The definition of a con is to persuade someone to do or believe something by lying to them. Now, "con" may be a strong word—or perhaps you may believe the wrong one—as I expect you likely have a credit card, use it, and see a great benefit.
I remember growing up and saying to myself, “I will never take out credit; I will only buy what I need with the money I have available.” But life happens! You get invited to Mauritius for a beautiful wedding at a five-star hotel with your partner. You don’t want to miss the opportunity or be seen as unable to afford nice things. So, you take out credit and go on that amazing holiday!

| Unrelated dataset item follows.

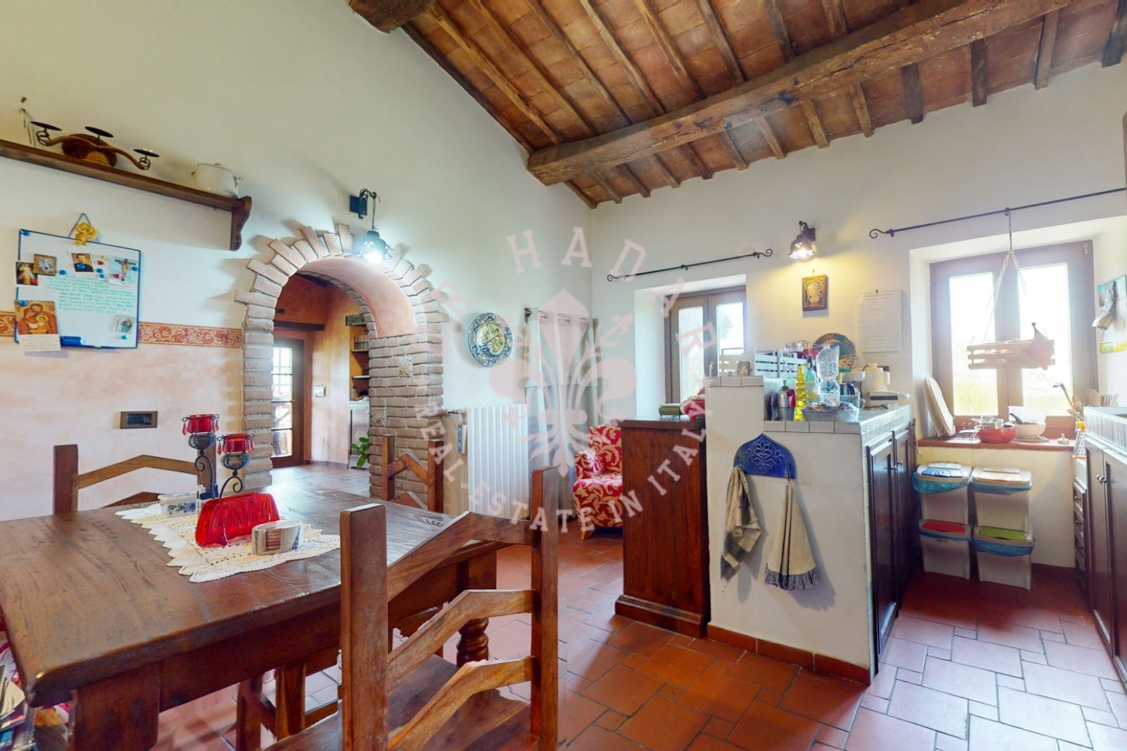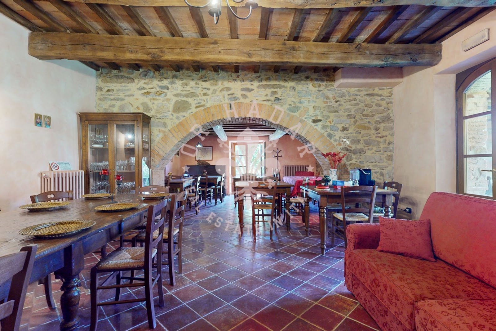 הקומה התחתונה מציעה שטחי מגורים נדיבים ששימשו בעבר כאגריטוריסמו, כולל אזור קבלה, שירותים, סלון משולש/מסעדה, מטבח תעשייתי, שירותים, חדר כביסה ומרפסת חיצונית. הקומה הראשונה מארחת מגורים פרטיים בשטח של 175 מ"ר עם 2 סלונים כל אחד עם אח, 2 פינות אוכל/מטבח, 3 חדרי שינה, אחד עם עליית גג הניתנת למגורים, 3 חדרי אמבטיה, כמו גם חדרי אחסון בקומה העליונה.

You only remember the good parts, and so you’re led to believe you made the right choice. Fast forward, and you haven’t quite paid off that holiday when Christmas comes along. Your kids are desperate for that new toy, and you don’t want to upset or disappoint them. Since your first experience with the credit card went well, you decide to use it again.
The bank increased your limit—if they think you’re good with money, you must be, right? Surely, they’re not just trying to get you to spend more so that they can pocket more interest? You’re confident you’ll get a pay rise soon, so you’ll just pay it off with that. Sound familiar? Like many things in life, debt can snowball. You find you’ve racked up more debt. You’re making your monthly payments and not falling behind, so you still think you’re in control. But perhaps you’re not keeping a close eye on your balances anymore. You may not realise it, or perhaps you don’t want to admit it, but your head is in the sand.
This may sound frightening, so brace yourself. If you have a credit card balance of £1,500, pay only the minimum, and your interest rate is 22.1%, you’ll be paying that off for 21 years and 11 months. That’s longer than some mortgage terms I arrange for clients! And what do you have to show for it?
I’m not writing this to upset anyone, but coming to terms with your finances and how much they may be holding you back in life could be a turning point. This is a taboo subject. You don’t talk about debt with friends or relatives, afraid of what they might think. You may be surprised to learn that many couples don’t talk about their debt until they can’t switch their mortgage deal and have to reveal the truth about why that is.
Of course, credit cards have their benefits. They can get you out of a tricky situation when the car breaks down and you have no choice because you need to get the kids to school, commute to work, or help Granny with her weekly shop. Credit cards can also help build your credit file, demonstrating to lenders that you’re reliable and pay your debts. This can increase your chances of securing a mortgage, especially if you have a small deposit.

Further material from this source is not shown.